Allan, a aprender uma língua diferente da materna pra mim é um sacrifício. E daí que me esbaldo no Brasil majoritariamente português...

O que vale é essa riqueza multicultural de um país, porém.

Um abraço.

Paulo Nunes Jr said...

Allan, leia por favor essa cronica escrita no La Repubblica... e depois tente contar aos seus amigos brasileiros...haha


DICA? DICO
L'ironia pungente di Messina si abbatte sui DICO

Nel corridoio dell´anagrafe di Roma, il primo giorno di entrata in vigore della nuova legge. Usciere: «Dica». Signora: «Dico». «Dica, dica». «Gliel´ho detto: Dico». «Che, fa la spiritosa? Io sto a lavora´, signora. Che deve fare?». «La dichiarazione di convivenza». «Ah, il Pacs». «Dico». «Dica». «Dico, non Pacs: si chiama Dico». «Ah, pensa te. Eccole il modulo». «E dopo che l´ho compilato?». «Vediamo... Ecco: articolo 3, deve darne comunicazione all´altro convivente». «E cosa gli comunico, scusi? Che conviviamo?». «Signora cara, e mica l´ho fatta io la legge. Qui c´è scritto che glielo deve comunicare. Legga: "mediante raccomandata con avviso di ricevimento"». «Cioè io devo andare alla posta e spedire una raccomandata a casa mia». «Sì, al suo convivente». «E se lui non c´è, quando viene il postino?». «Beh, lei è la convivente, no?». «Certo». «E allora può firmare lei la ricevuta». «Cioè dichiaro di ricevere una lettera spedita da me. Non le pare assurdo?». «Signora bella, quello che pare a me non conta niente». «E la ricevuta?». «Se la riprende il postino.
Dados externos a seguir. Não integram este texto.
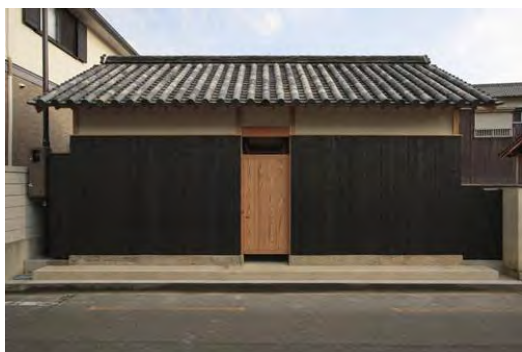
家プロジェクト「暮会所」 Art House Project "Gokaisho"
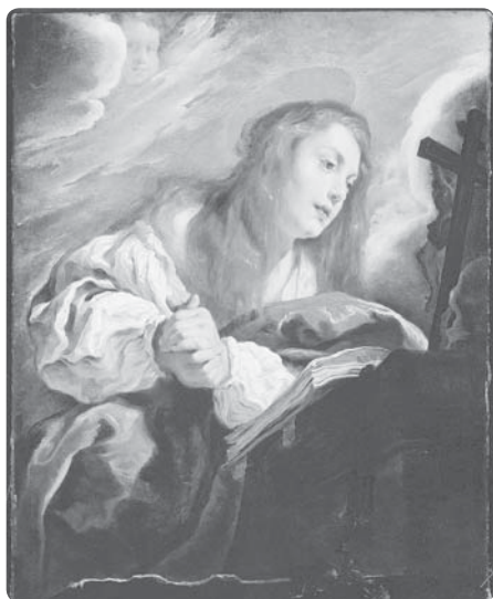
Pokání Marie Magdalény

„Když byl Jan vydán, přišel Ježíš do Galileje, hlásal Boží evangelium a říkal: »Čas se naplnil a Boží království je velmi blízko; číňte pokání a věřte evangelium.«“ (Mk 1,14–15)

Poi gliela spediscono». «E se non arriva?». «Può fare reclamo. Intanto compili il modulo, che la fila è lunga. Avanti il prossimo. Dica, signore». «Dico». «Aridaje...».

Anonymous said...

Allan, interessante a lealdade dos velhos às tradições e a curiosidade dos jovens pelas inovações. Ainda bem que existe a História, se não, o que seriam das tradições.
beijo, menino

Anonymous said...

Gostei do que li e aprendi.
Também quero o novo de Camilleri.
Beijos e boa semana! (será que neva?)

Anonymous said...

Fazem bem os italianos, pra que fechar em uma com tantas línguas assim, passeando para lá e para cá. E que venham os anglicismos. Os selos estão ficando raros e o mundo carece de lambidas. Viajemos.